Nicholas explained about the attack, and their hope that Ian would help them find a way to remove Gillian from Steffan’s clutches.
They sat in silence, sipping mead while Catrin resumed pacing. Rannulf felt ready to jump up and run from the room. Simply to run, to do something.
“Is there any way we can find Ian?” he asked Catrin.
She shook her head, then held up her hand to stop him when he started to speak again.
Finally she halted, reached out and took his hand and held it tightly. “I believe I know how I can get you into Bryn Du,” she told them. “You must be patient, for it could take several days to bring my plan to an end, but I think—nay, I know—we can make it work.”
She poured herself a drink and sat down again. “Listen carefully, for this is what we’ll do....”
Chapter Twenty-Four
Rannulf gazed at himself in the mirror Lady Catrin held before him, wondering yet again if he had the skill to carry off his part in this ruse. He believed the scheme could work. He’d had plenty of opportunity to think it over, and they’d discussed the plan endlessly in the two days since Lady Catrin had suggested it. A bit of polishing, and what had sounded completely impossible took on the sheen of a workable strategy.
Despite Ian’s continued absence, he was glad they’d come to Gwal Draig. All of his own ideas involved bloodshed and battle, and presented an unacceptable risk to Gillian and the babe.
Lady Catrin’s plan might allow them to avoid any of that.
She’d sent several maidservants to Bryn Du with the offer of helping Lord Steffan with some housekeeping chore. As Catrin expected, they’d returned full of gossip about the sickly woman their master had shut away in his manor. Rumor had it that she was to be his bride as soon as she recovered from her malady.
Not if he had anything to do with it, Rannulf vowed, sneering at his brown-stained face in the mirror before handing it
to Lady Catrin. “What do you think?” he asked, turning so that Nicholas and Connor could view his disguise.
“Mother would scarce recognize you,” Connor said. “If she hadn’t already decided to remain at St.
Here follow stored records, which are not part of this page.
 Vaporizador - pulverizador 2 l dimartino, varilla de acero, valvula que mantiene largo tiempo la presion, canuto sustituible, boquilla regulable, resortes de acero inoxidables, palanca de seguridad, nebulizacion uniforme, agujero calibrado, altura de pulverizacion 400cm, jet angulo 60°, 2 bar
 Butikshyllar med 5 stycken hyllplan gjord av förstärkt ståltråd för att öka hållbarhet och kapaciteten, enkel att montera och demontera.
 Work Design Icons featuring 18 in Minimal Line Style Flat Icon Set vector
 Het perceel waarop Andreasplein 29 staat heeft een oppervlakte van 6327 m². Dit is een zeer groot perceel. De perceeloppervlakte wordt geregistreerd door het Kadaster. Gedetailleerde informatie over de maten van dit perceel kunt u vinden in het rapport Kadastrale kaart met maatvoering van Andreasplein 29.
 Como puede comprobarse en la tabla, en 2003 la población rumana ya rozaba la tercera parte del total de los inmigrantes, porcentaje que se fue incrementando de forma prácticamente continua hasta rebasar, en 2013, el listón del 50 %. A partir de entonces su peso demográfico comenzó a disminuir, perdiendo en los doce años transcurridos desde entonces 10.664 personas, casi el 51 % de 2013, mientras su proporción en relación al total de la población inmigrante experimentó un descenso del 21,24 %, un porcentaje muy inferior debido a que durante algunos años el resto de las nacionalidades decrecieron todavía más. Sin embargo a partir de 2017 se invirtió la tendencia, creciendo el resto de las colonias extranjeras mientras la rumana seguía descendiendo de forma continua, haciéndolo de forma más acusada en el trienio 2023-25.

Anna’s, without a doubt the sight of you thus would send her there.”
Rannulf scowled at his twin. He’d rather not be reminded that their mother had decided to take the veil and live out her life within the peaceful and safe confines of the convent. He had hoped she might consider coming to live with him and his family, although he could understand her decision.
And he was glad that she’d finally found a peaceful existence.
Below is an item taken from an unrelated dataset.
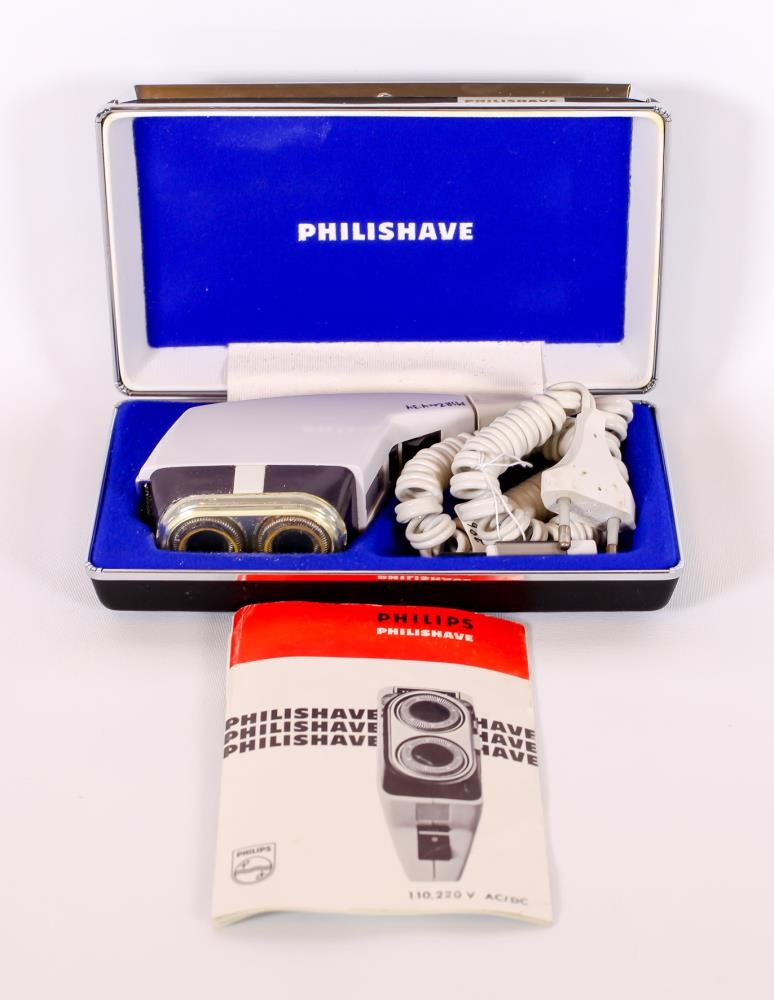 Rakvél „ Philips; í svörtum upprunalegum kassa áletrun: PHILISHAVE. Rakvélina fék Finnur í fermingargjöf. Rakvélin sjálf er hvít úr plasti með hvítri gúmmí gorma rafmagnssnúru. í settinu er lítill svartur bursti með hvítu plast haldi. Kassinn er fóðraður með bláu flaueli

Nicholas stared from one brother to the other and shook his head wonderingly. “You’ve performed a miracle, milady,” he told Lady Catrin. “No one will realize that FitzClifford isn’t a Saracen in that guise.” He merely smiled when she sent a scowl his way, making Rannulf wonder where Talbot found the patience to endure her continual slights.
“But will I be able to convince Lord Steffan?” Rannulf asked. “I know nothing of how to heal the sick, nor—”
“You won’t need to actually treat anyone,” Lady Catrin said dryly. “You can pretend, can’t you?”
“Aye.” He’d dare do no less under her watchful eyes, even if Gillian’s and the babe’s safety didn’t depend upon it.
“’Tis time to leave.” She led the way to the stables and permitted Nicholas to lift her into the saddle.
Rannulf felt as though he were watching everything from a distance. He’d never been this nervous before a battle—but never had the stakes been so high, either.
They rode through the forested land that separated Gwal Draig from Bryn Du, halting beyond sight of Steffan’s manor. “You’ll be ready for them as soon as they leave?” she asked Nicholas yet again.
He dismounted and handed the reins to Connor. “Aye, milady—you’ve laid out our duties clear as glass.” He sauntered toward her. “Can’t you trust, just this once, that I might do something right?”